How to Design Voice Interfaces
But how exactly will UX designers adopt human-machine interactions to voice? We do know that this is not just an advancement in technology but branding. Companies have realized that they can increase their personal touch, add personality to their brand and boost their brand loyalty through voice.
Since it is still UX design, just through another medium, many of the same principles will apply user research, constant and vigorous testing with target audience's users, continuous iteration, simplicity, and functionality, etc.
However, there are some differences that we will look at:
1. Typing and Talking Styles Differ
The way we type and the way we talk are very different. Although we might search online for things like 'Keanu Reeves films,' when we speak we might ask 'Which films have Keanu Reeves been in?'. When designing voice-commended applications, we need to understand these differences. Voice services will need to understand the different ways we will command, considering how direct the commend will be and the different accents, tones, idioms, and more, that the user will use.

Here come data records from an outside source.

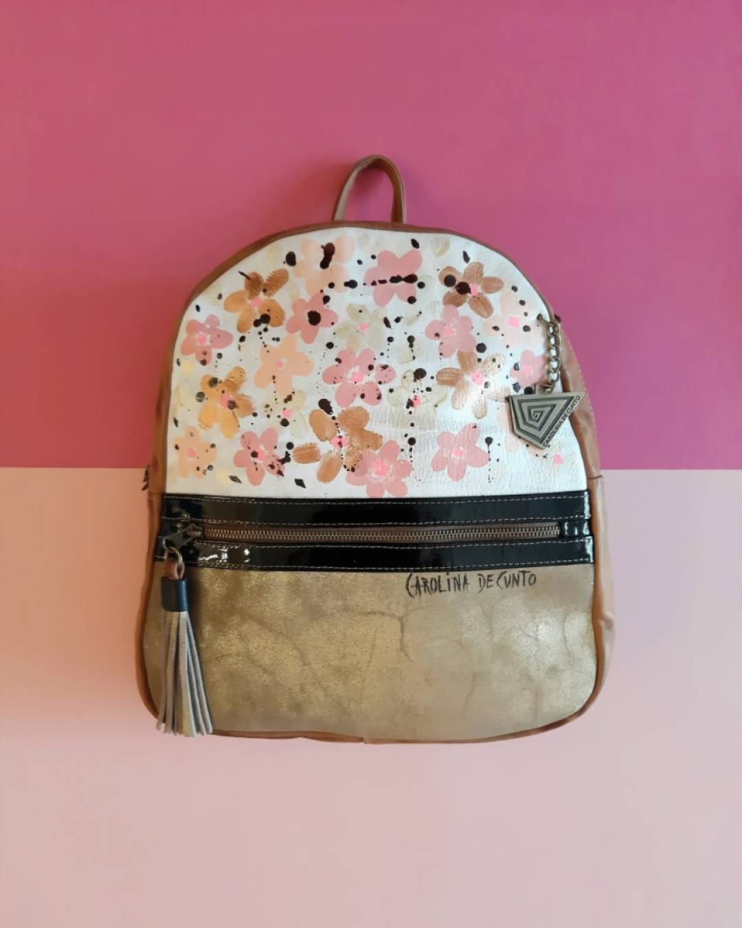 Elegant, extra soft leather backpack . Combination of leathers and textures. Don´t miss the chance to glow! Perfect size and practicity combined with design. Handpainted art on pockets. Fully lined with Carolina's designed pattern fabric. This is a 100 % finished top quality, handmade selected bovine leather.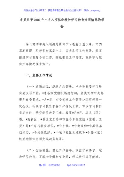 / 市委关于2025年中央八项规定精神学习教育开展情况的报告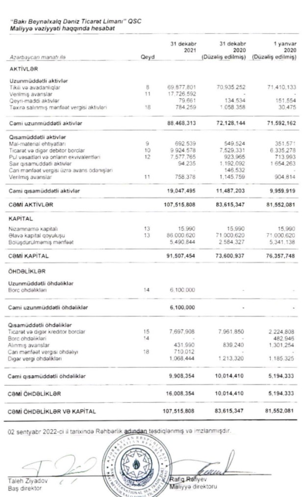 2022-ci il yanvarın 1-nə Bakı Limanının aktivləri 107,516 milyon manat olub ki, bu da illik müqayisədə 28,6 % çoxdur. Hesabat dövründə qurumun öhdəlikləri 60 % artaraq 16,008 milyon manata, balans kapitalı isə 24,3 % artaraq 91,507 milyon manata çatıb.

2. System Status Will Change
Due to the nature of voice interactions will resemble more human conversation than the human-machine interactions that we know and experience. How will computers communicate in a voice interaction that they are working and alert? In human interactions, there is nodding, smiling, repeating things, and asking relevant questions. Just as these serve a purpose, new ways to show this system status will need to consider the voice interactive world we want to design.
3. System Personality
Personality is attractive—both in humans and in systems. People love to see their brand personas be funny and quirky. But above all, users want to encounter a unique personality, not something that feels utterly scripted and wants to be liked. So although right now the focus is on developing the most intelligent voice services, companies also have their sights on creating the most likable and genuine brand personas through voice.
4. Information Architecture and Website Navigation
We build information architecture, and website navigation will also be replanted in the voice interactive world. Because although on a website, you might go through multiple windows and buttons until you get to your destination, with voice, you won't say these steps out loud. You will ask for the request.
For example, instead of going through the homepage, my account section, then viewing shopping history, and then opening an item and reordering, when you are giving a voice command, you might say, 'Alexa, reorder X item. From Amazon.'
5. Security and Privacy
With voice interaction, there are multiple new opportunities at the reach of your voice, but security and privacy still need to be taken into account. It would not be wise to have the user say a password or confirm a credit card number aloud. Although we have to give credit to users and hope they understand basic security concepts, designers need to keep these things in mind and design accordingly.
Although this is an exciting new technology with many new opportunities, there is also room for improvement. Its advancements always need to be user-centered. Understanding which context a voice interaction will add to their experience and when best to stay with the visual approach will be paramount. The future will have a significant component of voice interactions, and as the technology evolves, so will our designs. The possibilities are endless, and the benefits are many.